▸ WHAT YOU NEED TO DO: Each line below needs to be returned exactly. Skip any picture.

▸ SUPPLIED DATA:
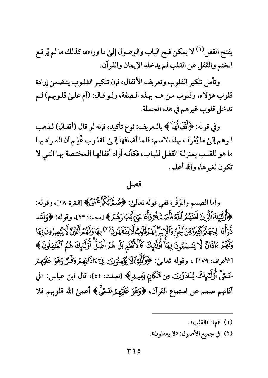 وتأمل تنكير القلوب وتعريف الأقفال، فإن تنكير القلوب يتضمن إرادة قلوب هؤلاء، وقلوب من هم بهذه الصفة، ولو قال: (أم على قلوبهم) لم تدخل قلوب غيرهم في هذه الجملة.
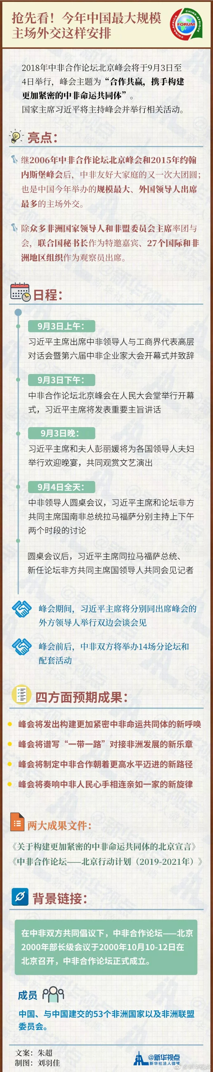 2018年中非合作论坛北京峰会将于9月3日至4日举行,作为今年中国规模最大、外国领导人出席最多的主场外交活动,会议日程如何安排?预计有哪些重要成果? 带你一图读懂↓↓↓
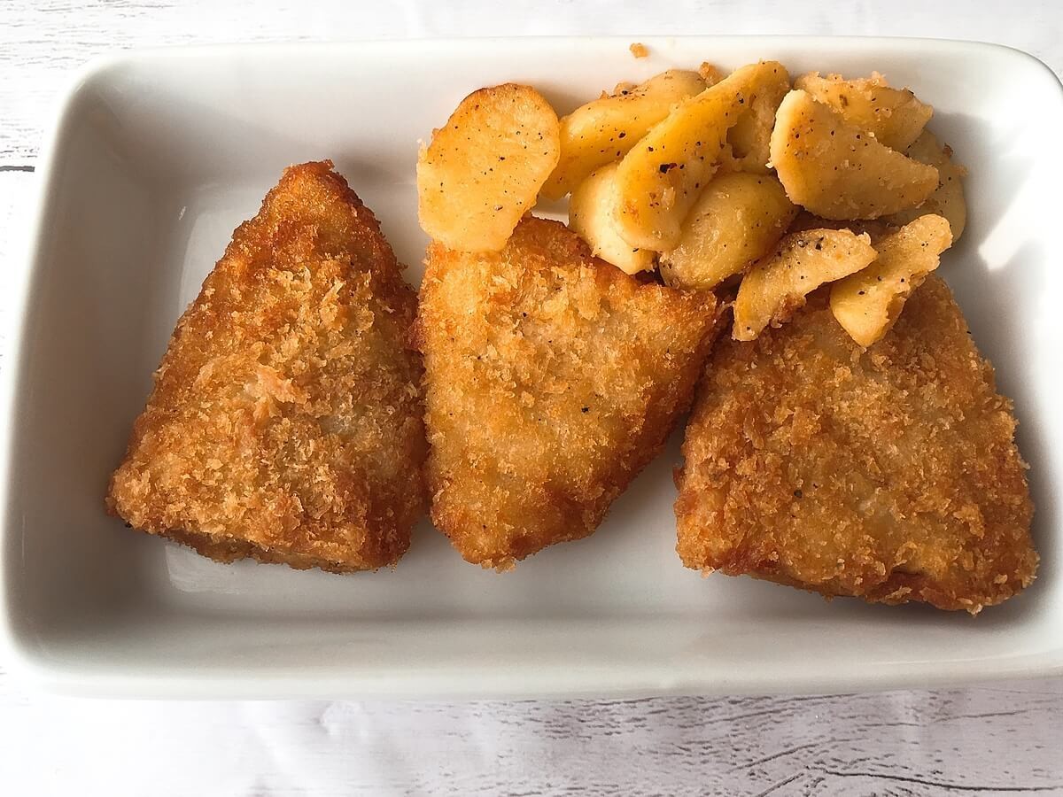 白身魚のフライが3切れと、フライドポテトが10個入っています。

▸ FINISHED EXERCISE:
 وتأمل تنكير القلوب وتعريف الأقفال، فإن تنكير القلوب يتضمن إرادة قلوب هؤلاء، وقلوب من هم بهذه الصفة، ولو قال: (أم على قلوبهم) لم تدخل قلوب غيرهم في هذه الجملة.
 2018年中非合作论坛北京峰会将于9月3日至4日举行,作为今年中国规模最大、外国领导人出席最多的主场外交活动,会议日程如何安排?预计有哪些重要成果? 带你一图读懂↓↓↓
 白身魚のフライが3切れと、フライドポテトが10個入っています。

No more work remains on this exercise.